*** Opening Data listing ***

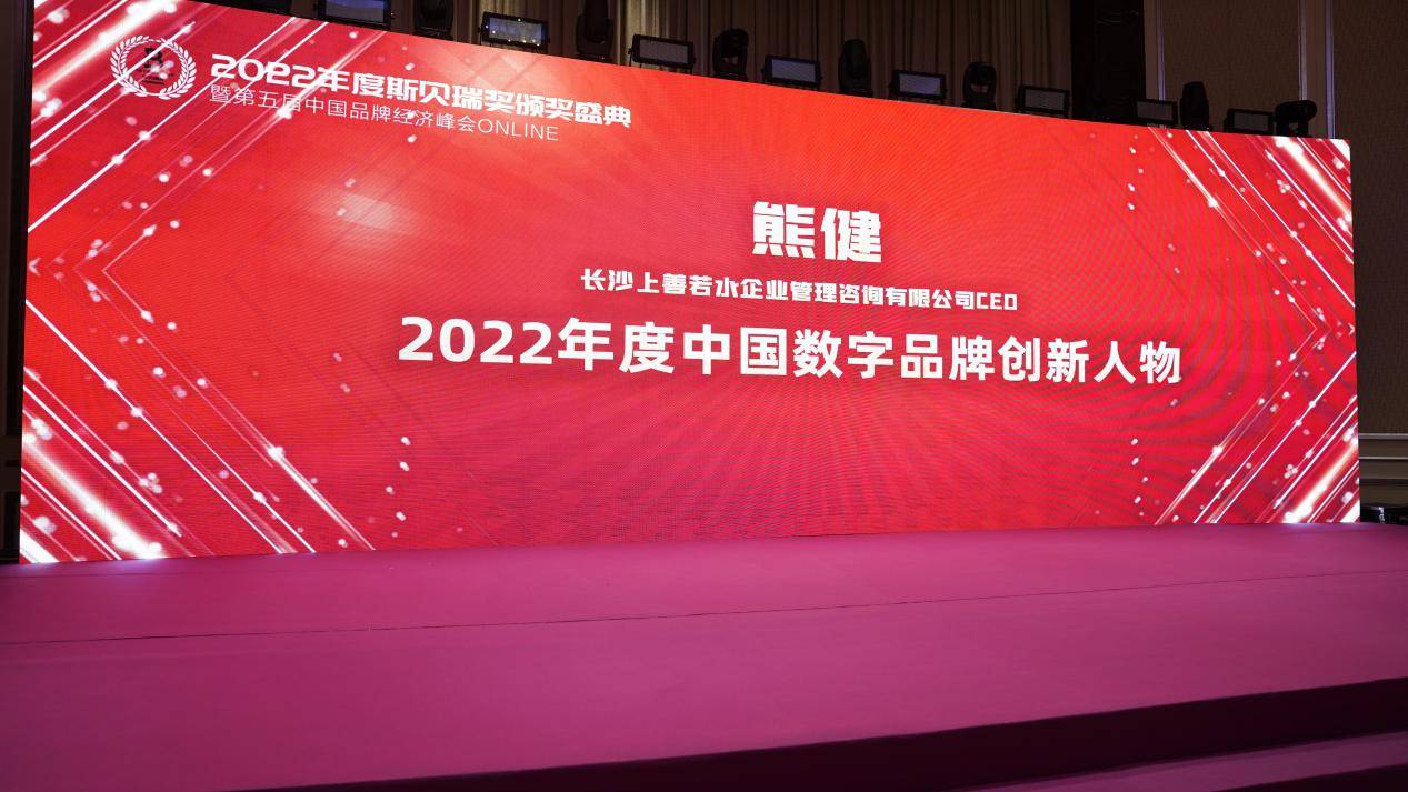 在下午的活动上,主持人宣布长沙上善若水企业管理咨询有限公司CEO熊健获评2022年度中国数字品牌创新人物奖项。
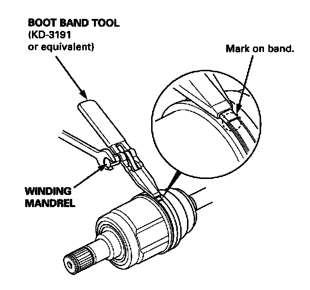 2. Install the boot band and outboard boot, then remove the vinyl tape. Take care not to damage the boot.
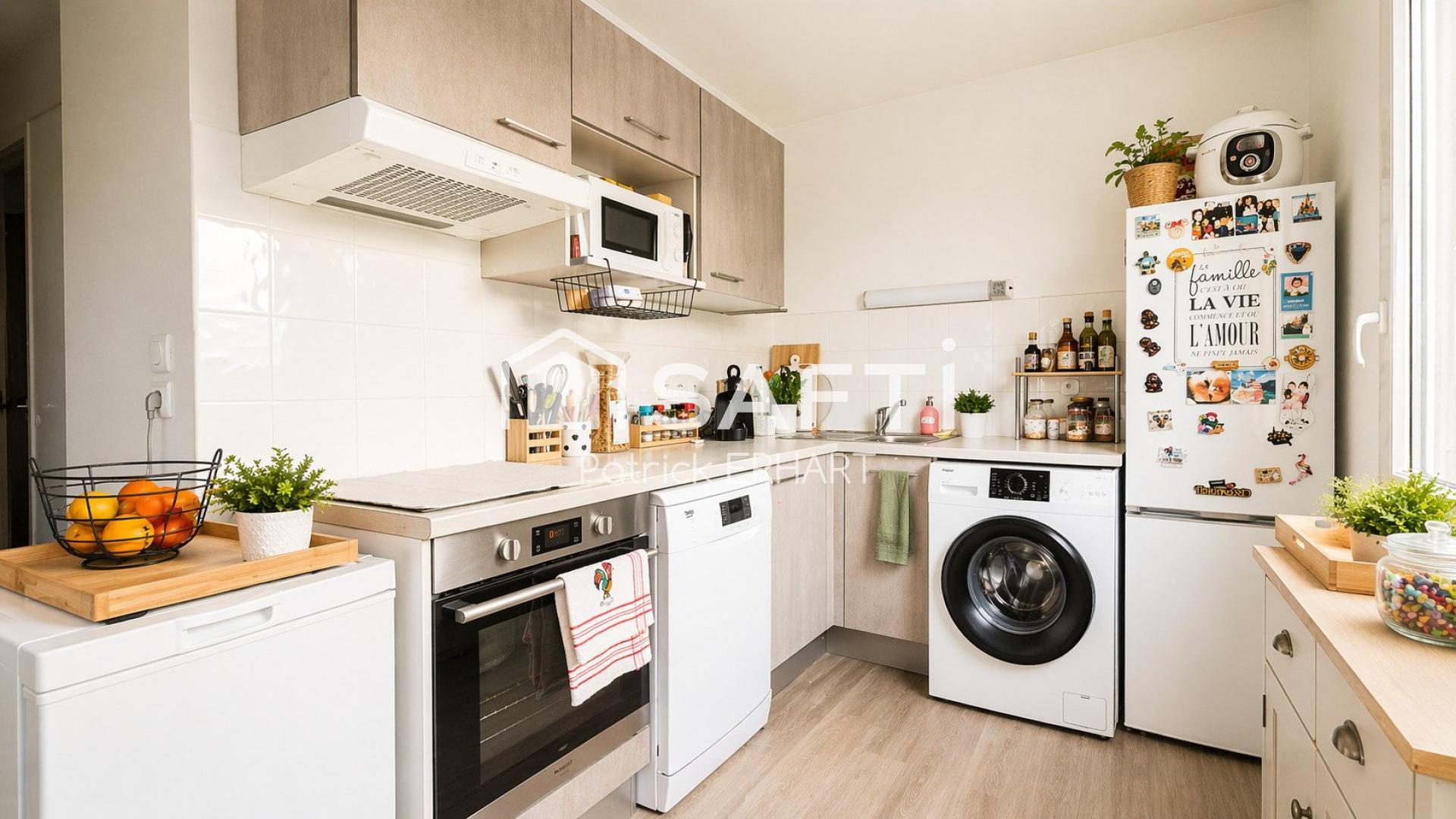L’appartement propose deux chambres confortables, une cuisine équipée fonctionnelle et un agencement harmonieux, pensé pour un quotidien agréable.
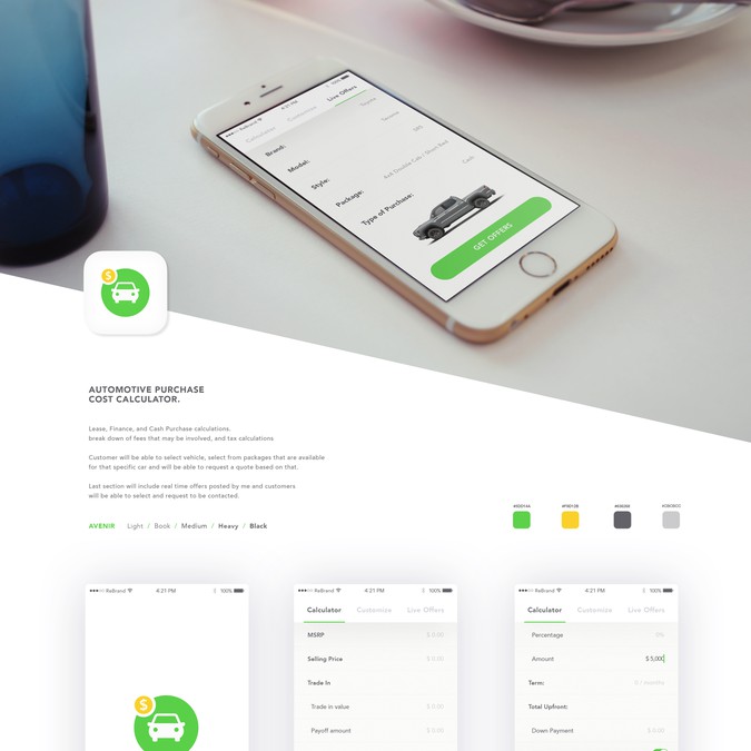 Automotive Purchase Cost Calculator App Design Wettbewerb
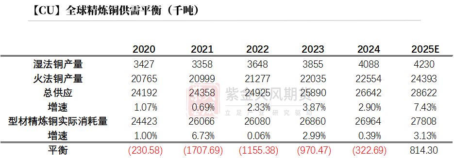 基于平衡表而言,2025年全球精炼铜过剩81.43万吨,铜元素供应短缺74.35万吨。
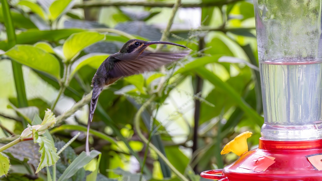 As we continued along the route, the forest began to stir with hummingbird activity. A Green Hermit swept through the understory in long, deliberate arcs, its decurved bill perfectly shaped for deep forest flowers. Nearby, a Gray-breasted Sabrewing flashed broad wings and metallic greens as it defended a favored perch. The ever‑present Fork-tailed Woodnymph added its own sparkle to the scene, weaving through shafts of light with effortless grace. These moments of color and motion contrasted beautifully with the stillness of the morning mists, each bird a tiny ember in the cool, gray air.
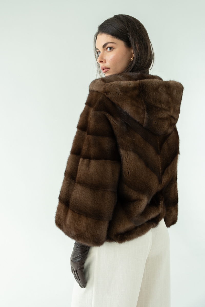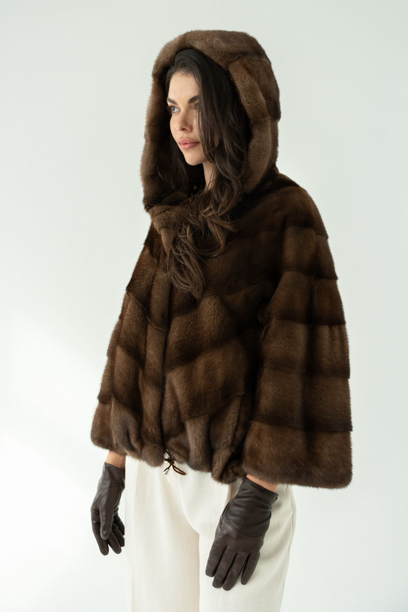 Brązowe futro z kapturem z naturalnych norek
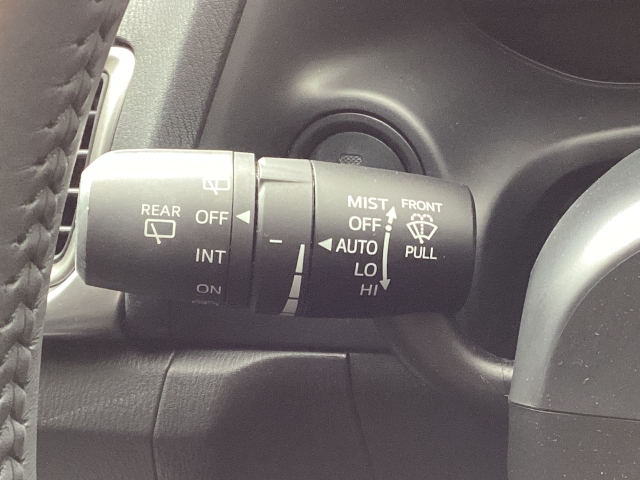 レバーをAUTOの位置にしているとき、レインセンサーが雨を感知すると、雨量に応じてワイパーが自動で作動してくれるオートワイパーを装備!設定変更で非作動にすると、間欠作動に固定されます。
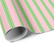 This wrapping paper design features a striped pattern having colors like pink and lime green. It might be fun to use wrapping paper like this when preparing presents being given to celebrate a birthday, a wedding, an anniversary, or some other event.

*** Closing Data listing ***
*** Opening Data listing ***

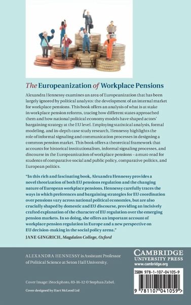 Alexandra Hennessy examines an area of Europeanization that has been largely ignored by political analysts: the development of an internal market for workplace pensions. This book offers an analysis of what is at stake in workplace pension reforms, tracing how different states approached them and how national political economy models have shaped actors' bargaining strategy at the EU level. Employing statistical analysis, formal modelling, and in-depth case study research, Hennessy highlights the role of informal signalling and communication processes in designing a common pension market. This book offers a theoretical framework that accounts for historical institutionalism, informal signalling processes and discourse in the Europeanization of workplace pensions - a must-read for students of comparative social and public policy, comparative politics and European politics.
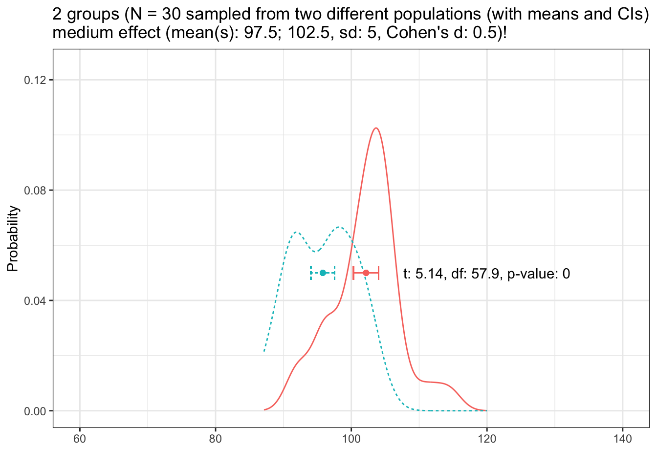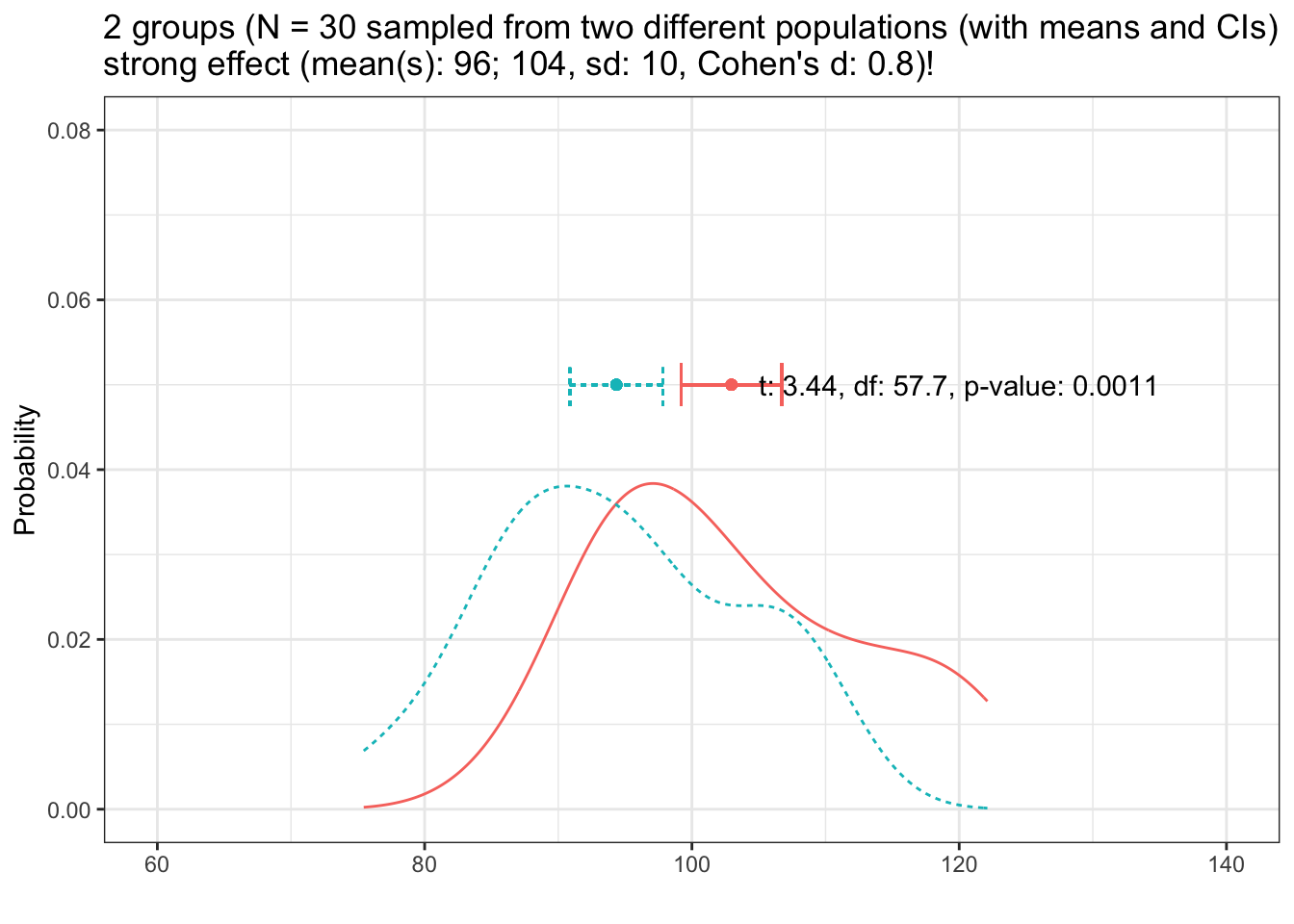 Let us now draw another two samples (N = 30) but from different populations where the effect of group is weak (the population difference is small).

*** Closing Data listing ***
*** Opening Data listing ***

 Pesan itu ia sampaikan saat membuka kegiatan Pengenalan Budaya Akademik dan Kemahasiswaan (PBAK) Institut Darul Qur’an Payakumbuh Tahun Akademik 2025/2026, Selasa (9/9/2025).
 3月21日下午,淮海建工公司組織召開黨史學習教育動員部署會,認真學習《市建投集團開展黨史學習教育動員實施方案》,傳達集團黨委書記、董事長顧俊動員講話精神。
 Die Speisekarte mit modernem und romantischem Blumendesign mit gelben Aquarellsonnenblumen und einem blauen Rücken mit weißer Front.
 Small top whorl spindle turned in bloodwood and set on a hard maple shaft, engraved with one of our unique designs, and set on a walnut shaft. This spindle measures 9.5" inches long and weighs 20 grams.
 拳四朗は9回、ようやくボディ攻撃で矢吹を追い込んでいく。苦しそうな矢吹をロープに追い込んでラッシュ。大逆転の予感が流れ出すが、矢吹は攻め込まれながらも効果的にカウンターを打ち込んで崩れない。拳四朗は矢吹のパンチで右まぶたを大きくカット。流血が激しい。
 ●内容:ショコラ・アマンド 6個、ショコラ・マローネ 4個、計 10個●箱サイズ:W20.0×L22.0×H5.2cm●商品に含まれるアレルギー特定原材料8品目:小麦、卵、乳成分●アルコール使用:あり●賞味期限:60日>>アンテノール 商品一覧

*** Closing Data listing ***

Work task –
Reproduce the data above exactly, but only from the line containing "Brązowe futro z kapturem z naturalnych norek" through the line containing "This wrapping paper". Omit all pictures.

Task answer –
 Brązowe futro z kapturem z naturalnych norek
 レバーをAUTOの位置にしているとき、レインセンサーが雨を感知すると、雨量に応じてワイパーが自動で作動してくれるオートワイパーを装備!設定変更で非作動にすると、間欠作動に固定されます。
 This wrapping paper design features a striped pattern having colors like pink and lime green. It might be fun to use wrapping paper like this when preparing presents being given to celebrate a birthday, a wedding, an anniversary, or some other event.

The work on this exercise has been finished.